Hash price — the revenue miners earn per unit of hash rate — dropped to $0.036/TH over 24 hours, per Bitbo. That’s a miner-margin indicator that correlates loosely with long-term price health. When hash price falls, miners are earning less per unit of computing power, which can signal production capitulation.

“A lot of people are turning very bearish on Bitcoin, but I don’t think it’s time to be bearish, the bearish trend is not confirmed at all.”

TradingView Market Analyst

For investors watching from the sidelines, the choice is stark: the people who bought Bitcoin at $10,000 and held through multiple cycles are sitting on life-changing gains. Everyone else is trying to figure out whether the current dip is an entry point or a warning sign. The volume spike tells you something is happening — who’s right about what comes next is the real question.

Related reading: CNQ Stock TSX Live Price

Current BTC price swings between $76,509 and $91,151 reflect trends visible in the live Bitcoin USD price chart, amid $34.65B trading volume.

Frequently asked questions

What is the current Bitcoin price in USD?

Bitcoin trades between $76,509.45 and $91,151.49 across major platforms as of April 28, 2026, per data from CoinMarketCap, Coinbase, Kraken, and other exchanges.

How has Bitcoin price changed in the last 24 hours?

Bitcoin’s 24-hour change shows -2.18% according to Crypto.com, with trading volume of $34.65 billion across all platforms. The 24-hour low hit $76,425.00 while the high reached $78,278.39.

What is Bitcoin’s circulating supply?

Bitcoin’s circulating supply stands at 20,019,216 BTC as of April 28, 2026, per Kraken. The total supply cap is 21 million BTC, meaning approximately 981,000 BTC remain unmined.

Who are the largest Bitcoin holders?

The largest known Bitcoin holder is Satoshi Nakamoto, estimated to own around 1 million BTC that has never been moved. Institutional holders include publicly traded companies like MicroStrategy, as well as ETF sponsors and major exchanges holding customer deposits.

What is Bill Gates’ opinion on Bitcoin?

Bill Gates has acknowledged Bitcoin’s technological utility while expressing concerns about its volatility and use in illegal activity. He has noted that high-IQ investors can be fooled by assets without intrinsic cash flows — a comment that applies to his broader skepticism about non-productive assets.

How much is 1 Bitcoin worth in USD today?

One Bitcoin is worth approximately $76,509.45 to $91,151.49 depending on the exchange.
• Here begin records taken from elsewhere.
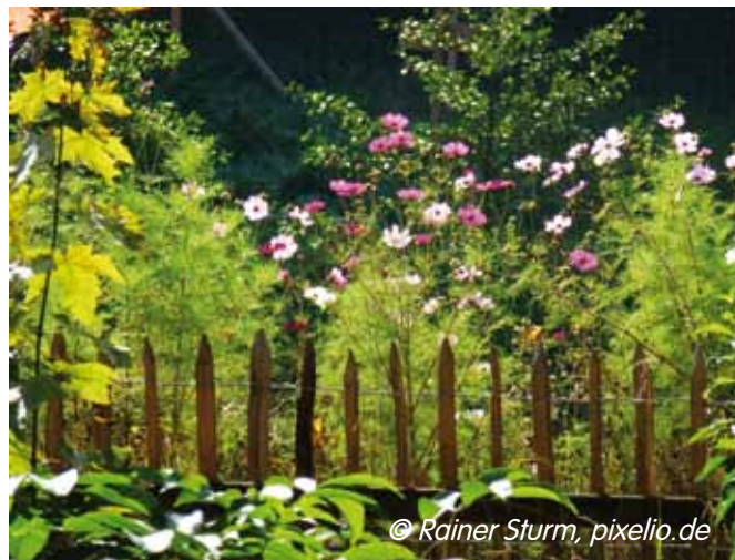
Mitten in der Stadt: Ein Stadtteil-Garten für Mensch und Tier!

In Laatzen bei Hannover soll 2012 inmitten einer Hochhausssiedlung ein Interkultureller Garten „ IG[el]-Garten “ entstehen, eine Zusammenarbeit mit der Universität Hannover ist vereinbart. Das Programm „Toleranz fördern“ finanziert das Projekt, der Kommune entstehen kaum Kosten. Der Verein Igel-Schutz-Initiative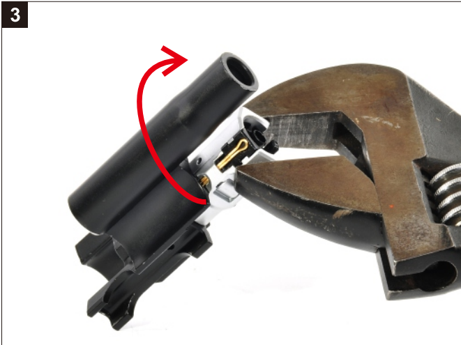
以工具將槍機頭外罩作順時針方向旋轉。 Clockwise the Bolt Head.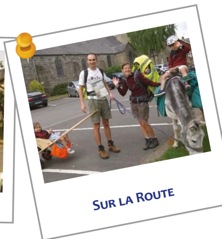
SUR LA ROUTE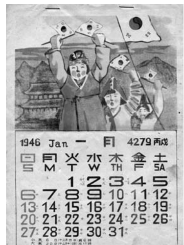
写真6 1946年のカレンダー

とりわけ檀紀が復活したことが注意を引く。他方では、昭和も皇紀も消えている。檀紀はその後、1948年の大韓民国の成立とともに正式な紀年法として採用され、1961年までつづいた。国際化ないし近代化にともない、西紀が檀紀に取って代わるのはそれ以降である。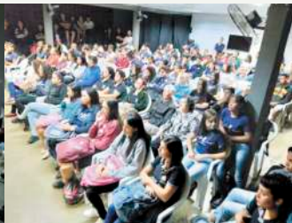
Ex Polivalente (sexta a noite)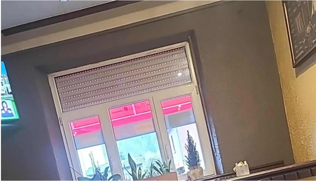
Cafe barros katalog

The mid-range across major platforms sits around $76,870 based on CoinMarketCap data.

What drives Bitcoin price fluctuations?

Bitcoin price moves based on supply and demand, institutional buying or selling, macro economic conditions, regulatory news, and overall market sentiment. Trading volume is a key indicator — the current 76.90% volume surge signals heightened activity during the recent selloff.